The Coburn/Crichton talking points have infected the mainstream press. In his New York Times Science column this month, John Tierney thrashed Carson's warnings about insecticides and argued that her voice still "drowns out real science." Over at the Pittsburgh Tribune-Review, Bill Steigerwald blamed "environmentalists spooked by Rachel Carson" for banning a "miracle weapon" that is "like Kryptonite to the mosquitoes."

Malaria's burden is enormous. Each year, the disease infects 350 to 500 million people and kills at least a million -- the vast majority in Africa, mostly children under 5. As decades have passed, science has shown that Carson was wrong about some of the dangers she associated with DDT. It's also true that the insecticide can be a valuable tool in the arsenal against malaria. But blaming Carson and the environmental movement for malaria's death toll is not supported by evidence from generations of scientists and malaria researchers.

"Groups are latching onto the emotional impact of the malaria story, which is truly a human tragedy, to discredit environmentalists," says John M. Balbus, chief health scientist with Environmental Defense. "Are there places where DDT may have been beneficial? Probably, yes." But is the 1970s DDT ban "the cause for rampant malaria and millions of deaths? Absolutely not."

Historians and scientists have shown that despite some benefits of DDT, few African countries made the pesticide a part of their malaria control efforts over the past quarter century. Many factors led to the decreased use of DDT -- factors that had nothing to do with Carson. In fact, the decline in DDT use coincided with a drop in malaria rates.
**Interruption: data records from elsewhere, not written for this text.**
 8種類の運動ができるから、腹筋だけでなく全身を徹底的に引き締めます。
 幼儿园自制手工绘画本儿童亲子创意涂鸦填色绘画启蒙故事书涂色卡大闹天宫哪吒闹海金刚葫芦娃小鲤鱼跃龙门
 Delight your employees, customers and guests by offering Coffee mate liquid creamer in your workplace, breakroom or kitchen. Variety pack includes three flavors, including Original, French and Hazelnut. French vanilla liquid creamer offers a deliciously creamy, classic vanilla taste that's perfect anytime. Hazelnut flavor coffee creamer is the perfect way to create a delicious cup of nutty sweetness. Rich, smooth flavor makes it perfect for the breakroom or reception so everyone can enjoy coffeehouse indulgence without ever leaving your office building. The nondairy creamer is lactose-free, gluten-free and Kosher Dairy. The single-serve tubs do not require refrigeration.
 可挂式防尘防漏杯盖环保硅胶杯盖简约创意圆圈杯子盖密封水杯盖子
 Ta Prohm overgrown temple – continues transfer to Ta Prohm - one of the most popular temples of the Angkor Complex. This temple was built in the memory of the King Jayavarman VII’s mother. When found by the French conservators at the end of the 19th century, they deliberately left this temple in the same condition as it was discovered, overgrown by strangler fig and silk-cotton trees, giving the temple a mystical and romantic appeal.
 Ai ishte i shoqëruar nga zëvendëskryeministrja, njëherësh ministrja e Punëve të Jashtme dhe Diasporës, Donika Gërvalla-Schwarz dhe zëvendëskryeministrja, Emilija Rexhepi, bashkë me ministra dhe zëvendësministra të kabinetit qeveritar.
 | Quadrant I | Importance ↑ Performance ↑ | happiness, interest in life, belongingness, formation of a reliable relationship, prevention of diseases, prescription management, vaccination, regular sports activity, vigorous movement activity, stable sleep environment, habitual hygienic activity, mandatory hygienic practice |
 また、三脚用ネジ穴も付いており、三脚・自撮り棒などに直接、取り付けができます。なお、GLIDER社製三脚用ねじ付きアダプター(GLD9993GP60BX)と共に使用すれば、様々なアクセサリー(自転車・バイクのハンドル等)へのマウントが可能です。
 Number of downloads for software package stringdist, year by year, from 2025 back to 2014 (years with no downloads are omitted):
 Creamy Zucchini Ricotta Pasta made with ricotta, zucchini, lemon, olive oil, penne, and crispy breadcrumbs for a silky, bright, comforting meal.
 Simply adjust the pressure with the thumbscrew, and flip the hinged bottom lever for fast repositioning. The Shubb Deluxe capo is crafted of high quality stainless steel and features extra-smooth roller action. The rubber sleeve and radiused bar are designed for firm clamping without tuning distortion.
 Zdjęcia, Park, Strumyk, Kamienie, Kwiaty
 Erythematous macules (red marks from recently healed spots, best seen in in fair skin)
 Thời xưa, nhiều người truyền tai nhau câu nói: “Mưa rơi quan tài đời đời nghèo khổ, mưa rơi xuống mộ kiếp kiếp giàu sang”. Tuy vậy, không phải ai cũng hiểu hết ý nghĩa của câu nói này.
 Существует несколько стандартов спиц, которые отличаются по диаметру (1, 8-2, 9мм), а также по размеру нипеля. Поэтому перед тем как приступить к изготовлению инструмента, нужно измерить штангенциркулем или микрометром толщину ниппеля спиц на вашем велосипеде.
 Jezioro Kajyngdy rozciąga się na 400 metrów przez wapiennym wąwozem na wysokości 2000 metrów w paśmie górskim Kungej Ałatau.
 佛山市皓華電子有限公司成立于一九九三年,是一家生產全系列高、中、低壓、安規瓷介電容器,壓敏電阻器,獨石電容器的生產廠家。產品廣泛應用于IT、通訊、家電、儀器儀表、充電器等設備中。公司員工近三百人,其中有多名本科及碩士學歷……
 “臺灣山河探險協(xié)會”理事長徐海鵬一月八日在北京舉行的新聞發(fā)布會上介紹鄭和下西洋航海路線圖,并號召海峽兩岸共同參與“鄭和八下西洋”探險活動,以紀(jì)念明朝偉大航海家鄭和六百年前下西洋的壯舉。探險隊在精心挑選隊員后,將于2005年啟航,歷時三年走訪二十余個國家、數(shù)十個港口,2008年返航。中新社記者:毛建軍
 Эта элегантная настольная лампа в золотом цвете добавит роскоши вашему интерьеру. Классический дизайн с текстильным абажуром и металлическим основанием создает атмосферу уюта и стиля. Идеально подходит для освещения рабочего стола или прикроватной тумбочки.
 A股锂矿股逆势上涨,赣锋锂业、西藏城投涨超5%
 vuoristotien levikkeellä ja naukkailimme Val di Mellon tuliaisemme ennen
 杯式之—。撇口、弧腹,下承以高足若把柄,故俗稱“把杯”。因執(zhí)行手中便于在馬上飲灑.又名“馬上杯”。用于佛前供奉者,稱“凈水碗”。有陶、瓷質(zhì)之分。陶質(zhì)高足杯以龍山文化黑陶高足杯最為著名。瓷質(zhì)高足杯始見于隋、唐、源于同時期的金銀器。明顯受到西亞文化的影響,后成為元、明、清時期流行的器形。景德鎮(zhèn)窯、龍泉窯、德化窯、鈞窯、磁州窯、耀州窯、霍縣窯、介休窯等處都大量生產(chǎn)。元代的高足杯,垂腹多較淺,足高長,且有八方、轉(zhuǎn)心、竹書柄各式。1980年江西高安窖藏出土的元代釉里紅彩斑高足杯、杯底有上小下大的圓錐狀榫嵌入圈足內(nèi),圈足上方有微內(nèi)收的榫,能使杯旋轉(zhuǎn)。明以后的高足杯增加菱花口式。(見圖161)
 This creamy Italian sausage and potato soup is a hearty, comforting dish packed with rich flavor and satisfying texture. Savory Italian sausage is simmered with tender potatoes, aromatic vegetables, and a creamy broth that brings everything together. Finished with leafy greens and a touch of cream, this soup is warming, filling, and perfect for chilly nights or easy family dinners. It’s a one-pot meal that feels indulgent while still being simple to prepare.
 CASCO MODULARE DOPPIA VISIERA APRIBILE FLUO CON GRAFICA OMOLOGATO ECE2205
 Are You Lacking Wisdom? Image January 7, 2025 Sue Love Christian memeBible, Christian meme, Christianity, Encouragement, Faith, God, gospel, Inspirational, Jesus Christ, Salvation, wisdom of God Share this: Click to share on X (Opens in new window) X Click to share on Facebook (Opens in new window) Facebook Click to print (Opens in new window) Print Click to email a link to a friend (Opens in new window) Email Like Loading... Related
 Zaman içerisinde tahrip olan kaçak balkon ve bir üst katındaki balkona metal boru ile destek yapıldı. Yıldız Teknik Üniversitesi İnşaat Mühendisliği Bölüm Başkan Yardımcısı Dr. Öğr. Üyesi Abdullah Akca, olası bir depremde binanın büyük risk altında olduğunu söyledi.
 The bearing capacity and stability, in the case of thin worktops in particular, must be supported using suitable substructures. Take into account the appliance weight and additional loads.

Socrates Litsios, a historian and former scientist for the World Health Organization (the agency that has headed global malaria control efforts since the 1960s), says the assertion that "Silent Spring" and the DDT ban led to millions of deaths is "outrageous." May Berenbaum, head of the Department of Entomology at the University of Illinois at Urbana-Champaign, who has studied mosquitoes and malaria, says that "to blame environmentalists who oppose DDT for more deaths than Hitler is worse than irresponsible."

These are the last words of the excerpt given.